To test the performance of the dune toe location algorithms in pybeach, 200 profiles were reserved as testing data and were not at all involved in ML model development. These profiles are located in the pybeach GitHub repository. Figure 3 and Table 1 show the performance of the different dune toe detection algorithms (ML, MC, RR, PD) and can be reproduced using the example Jupyter notebook contained within the pybeach GitHub repository. It can be seen that the ML model considerably outperforms the other dune toe location algorithms for this testing set of 200 beach profiles.
pybeach is available on the Python Package Index (PyPI) and can be installed with the following:
pip install pybeachGiven an array of cross-shore coordinates, x of shape (m,) and corresponding elevations z of shape (m,) for a single profile or shape (m, n) for n profiles, pybeach can be used as follows to make predictions of the dune toe location:
from pybeach.beach import Profile
# Some syntehtic data
import numpy as np
x = np.arange(0, 80, 0.5)
z = np.concatenate((np.linspace(4, 5, 40),
np.linspace(5, 2, 10),
np.linspace(2, 0, 91)[1:],
np.linspace(0, -1, 20)))
# Instantiate Profile class
pb = Profile(x, z)
# Predict dune toe location
toe_ml = pb.predict_dunetoe_ml('mixed_clf') # use the machine learning (ML) method
toe_mc = pb.predict_dunetoe_mc() # use the maximum curvature (MC) method
toe_rr = pb.predict_dunetoe_rr() # use the relative relief (RR) method
toe_pd = pb.predict_dunetoe_pd() # use the perpendicular distance (PD) method
# Predict shoreline and dune crest location
crest = pb.predict_dunecrest()
shoreline = pb.predict_shoreline()The pybeach source code can be found on github. Please see the example Jupyter notebook for additional information on how to use pybeach and to re-create figures presented in this paper.

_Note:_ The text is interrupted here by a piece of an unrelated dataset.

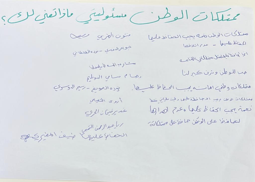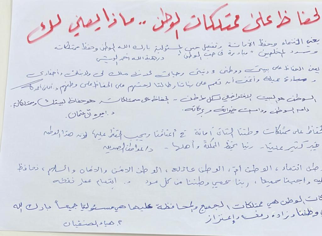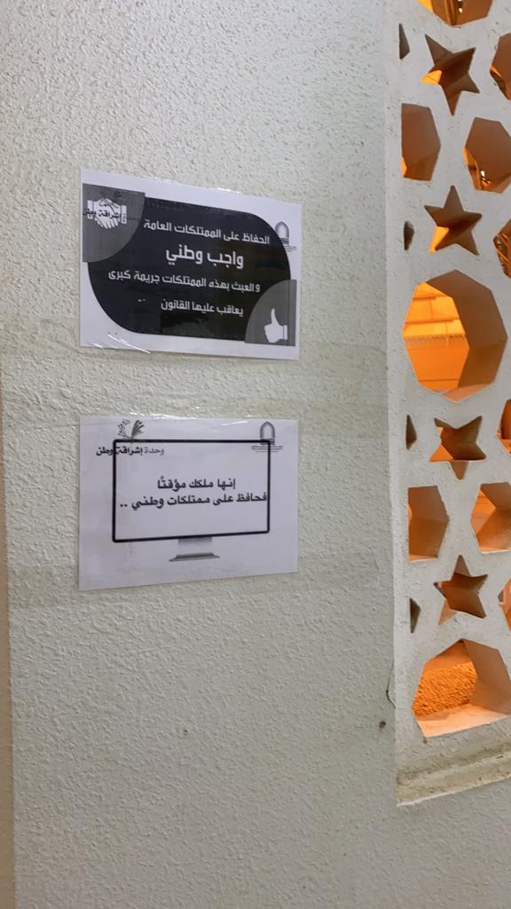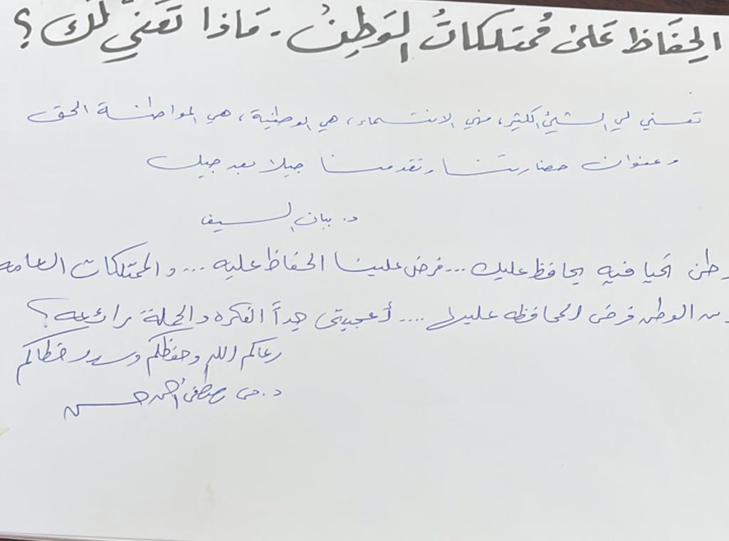 كما سجلت عبارات جميلة ممتدة من عميدة الكلية ووكيلة الكلية ورئيسات الأقسام كما تم التجوال بين مقاعد الطالبات الخارجية لتوضيح أهمية الممتلكات وواجبنا نحوها وسجلن بصمات لهن في ذلك ساعين بما نملك لرد جميل هذا الوطن في الحفاظ على ما يبذله ويقدمه لنا.
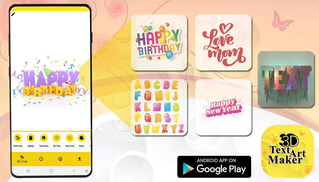 如今,将3d文字样式添加到徽标图片业务横幅,传单和名片非常重要,而没有自定义工具,很难将3d样式文字添加到您的图片中,但是我们带来了一个很好的工具,称为3d艺术maker-将3d文本添加到图片应用程序,该应用程序可让您将3d文本样式的文本添加到图片,或通过添加3d文本使图片或横幅变得时尚。该应用程序有多种选择来使文字时尚诱人。您可以使用这种漂亮的文本字体和3d样式以及不同的文本样式(例如设置文本颜色,文本模糊度,文本阴影等)创建生日贺卡,新年贺卡,贺卡。

An ambition of pybeach is to act as a central repository for coastal data and algorithms related to morphological and hydrodynamic calculations and to integrate with existing coastal Python tools such as CoastSat [@Vos2019], py-wave-runup [@Leaman2019], CVNetica_VS [@Beuzen2019], and pyDGS [@Buscombe2013]. pybeach was created in such as way that it can easily be expanded upon in future. Immediate goals include adding capacity to identify morphological features like dune toes from 3D coastal data (such as digital elevation models) as well as adding new classes for the calculation of commonly used hydrodynamic parameters (e.g., wave height, wave length, wave period, wave runup).

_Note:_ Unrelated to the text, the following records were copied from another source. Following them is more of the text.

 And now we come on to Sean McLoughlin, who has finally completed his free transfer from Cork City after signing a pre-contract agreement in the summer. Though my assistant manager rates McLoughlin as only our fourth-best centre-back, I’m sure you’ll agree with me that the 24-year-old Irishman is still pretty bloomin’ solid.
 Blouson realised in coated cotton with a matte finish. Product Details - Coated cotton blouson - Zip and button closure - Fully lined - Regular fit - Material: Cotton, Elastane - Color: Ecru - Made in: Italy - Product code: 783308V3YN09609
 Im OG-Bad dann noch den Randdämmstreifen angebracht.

I would like to thank those that contributed to the collection and processing of data used to develop the ML models in pybeach. In particular, Dr. Mitchell Harley, Prof. Jason H. Middleton, Peter J. Mumford, and the UNSW School of Aviation for conducting the Airborne Lidar surveys and Lidar data pre- processing for the June 2016 storm, and Dr. Kara Doran, Dr. Nathaniel Plant, Dr. Hilary Stockdon, and the USGS for providing the Hurricane Ivan Lidar data, available online here.